Связь между организациями осуществляется нарочными из ведомства Кан Шэна.

Повсюду «перевоспитание разоблаченных» и жаркая обработка тех, кто на очереди. По признанию Мао Цзэ-дуна, этому делу он придает «исключительное значение». [183]

Деятельность высших яньаньских партийных и советских органов зависит от настроения Мао Цзэ-дуна. Если он устает, то всякая работа, совещания, даже важные доклады отменяются.

6 августа

На Родине радостное новшество — артиллерийский салют в ознаменование побед нашей Красной Армии. Вчера Москва салютовала в честь освобождения Орла и Белгорода.

* * *

Лю Шао-ци не без ведома Мао Цзэ-дуна тасует состав высших органов КПК.

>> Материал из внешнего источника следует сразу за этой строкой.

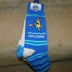 NWT 3 Prs LIFE IS GOOD Frisbee Dog Blue Socks

В аппарате Кан Шэна «созналось» в шпионаже 80% сотрудников.

Ночами в городе и его окрестностях погребальная тишина: ни голоса, ни смеха, ни огонька.

Сейчас я выходил из пещеры, смотрел на долину — глухая непроницаемая ночь. Из Дабяньгоу не слышны шаги и перекличка караулов, но все яньаньские дороги патрулируются...

7 августа

Южин решительно настаивает на отъезде. Мысль о возвращении на родину целиком занимает его. Он считает, что здесь ему делать нечего. И не видит здесь ничего интересного. Он рвется на фронт.

Работаю над циклом очерков по истории КПК, зарождению и развитию Красной армии Китая, обобщаю материалы по экономике и географии Особого района. Все это очень интересно и по-настоящему увлекает. Кроме того, позволяет хоть как-то отвлечься от жестокостей и глупостей чжэнфына.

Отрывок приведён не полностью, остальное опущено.